Israel faces existential questions with uprising of Arab citizens

The resurgence of community violence between Arabs and Jews in a series of mixed cities across Israel came as a horrible surprise to many Israelis.

Arab rioters torched at least one synagogue, and another was reportedly set on fire, in Lod. Crowds of Jewish extremists and settlers marched through Haifa and Tiberias chanting “Death to the Arabs”.

As Israeli forces exchanged air and artillery strikes for rockets fired by the Islamist group Hamas in Gaza, Prime Minister Benjamin Netanyahu, called for “strength, a lot of strength”To suppress the rioters and close this second threatening front.

What lit up this wildfire from the Israeli-occupied Palestinian territories of the West Bank and Arab East Jerusalem?

The flames of religious unrest were fueled when far-right Israeli extremists chose the Muslim holy month of Ramadan to escalate provocations in areas of East Jerusalem they are trying to get rid of Palestinian families. They have also stepped up the pressure on the Noble Sanctuary or Haram ash-Sharif, which houses the al-Aqsa Mosque and Dome of the Rock, as well as the Western Wall sacred to Jews. Israeli riot police carried out three violent raids on the mosque and its compound, causing Arab citizens of Israel to crowd the streets.

There has been nothing like this level of unrest among Arab Israelis since October 2000. It followed Ariel Sharon, the late prime minister and champion of the settlers, marching under armed guard from al-Aqsa to Mount Dawn.
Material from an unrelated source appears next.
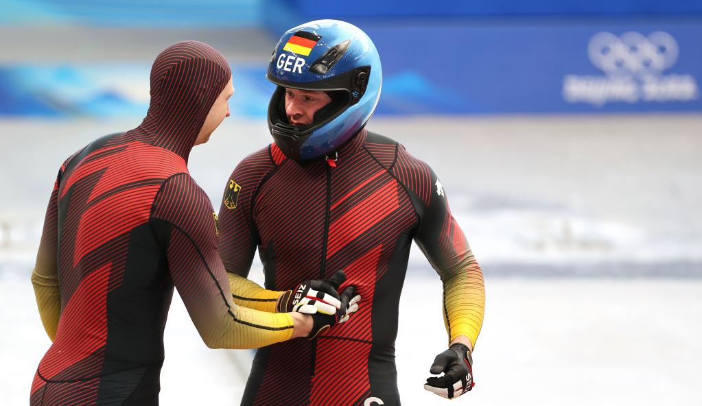 Francesco Friedrich (R) of Germany is seen after the bobsleigh 4-man heat of Beijing 2022 Winter Olympics at National Sliding Centre in Yanqing District, Beijing, capital of China, Feb. 20, 2022. (Xinhua/Yao Jianfeng)

Temple, triggering the second “al-Aqsa”. Intifada. This time Itamar Ben-Gvir, leader of the far-right Jewish Power party and ally of Netanyahu, tweeted: “It’s time to liberate the Temple Mount and Jerusalem, and show them who owns the house once and for all.”
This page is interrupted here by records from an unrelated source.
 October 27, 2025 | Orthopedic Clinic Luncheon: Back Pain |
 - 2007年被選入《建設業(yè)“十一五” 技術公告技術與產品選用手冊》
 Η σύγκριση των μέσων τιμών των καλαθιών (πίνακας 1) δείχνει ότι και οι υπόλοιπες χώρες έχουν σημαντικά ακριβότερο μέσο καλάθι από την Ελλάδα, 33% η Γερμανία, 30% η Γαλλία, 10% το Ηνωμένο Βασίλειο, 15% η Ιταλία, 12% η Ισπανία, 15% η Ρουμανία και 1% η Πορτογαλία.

The conflict with Hamas, which erupted in war in 2009, 2012 and 2014, evokes a familiar but deadly Israeli-Palestinian playbook. But an uprising of Israel’s 1.9 million Arab citizens opens wounds that add a dangerous dimension to the existential issues on which Netanyahu and his allies have been complacent.

Netanyahu himself struck many sparks that lit that fire, with scorched earth tactics to help him cling to power even more desperately. On trial for corruption since last May, he has openly embraced the religious and radical irredentist right, promising to annex Palestinian lands colonized by Jews.
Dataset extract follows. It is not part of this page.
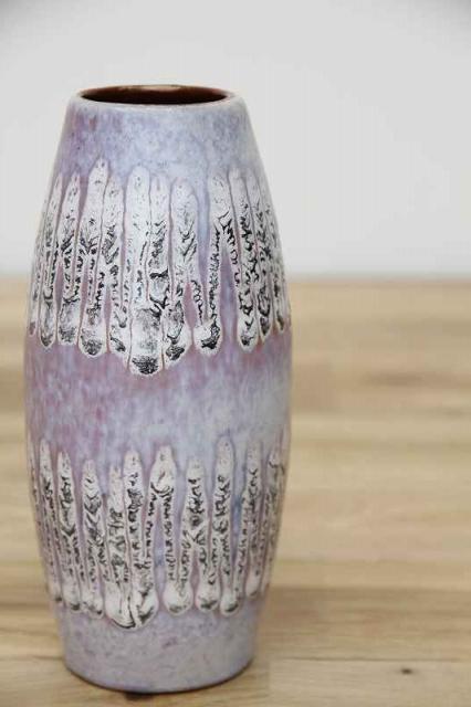 ドイツ製ヴィンテージの陶器のフラワーベースです。キレイなラベンダー色と、ギザギザと上下に描かれた模様が印象的ですね。優しい雰囲気のある素敵な花瓶です。

Less recently, he used social media in the 2015 election to sound the alarm The “Arabs” “voted en masse”. The dog whistle’s insinuation was that Israeli citizens of Palestinian descent, although a fifth of the population, posed a threat of fifth columnist to the Jewish state.

Netanyahu followed this up in July 2018 by securing a the so-called nation-state law through the Knesset, stating that only Jews have an exclusive right to self-determination in Israel. Ayman Odeh, leader of a coalition of predominantly Arab left-wing parties, said at the time that Israel had “passed a law of Jewish supremacy and told us that we will always be second-class citizens ”.

This law, and Netanyahu’s opportunist membership in openly racist anti-Arab groups such as Ben-Gvir, convinced many Arab citizens to fight for equal rights with Israeli Jews. Palestinians under occupation and the lack of a path to a viable independent state reach similar conclusions.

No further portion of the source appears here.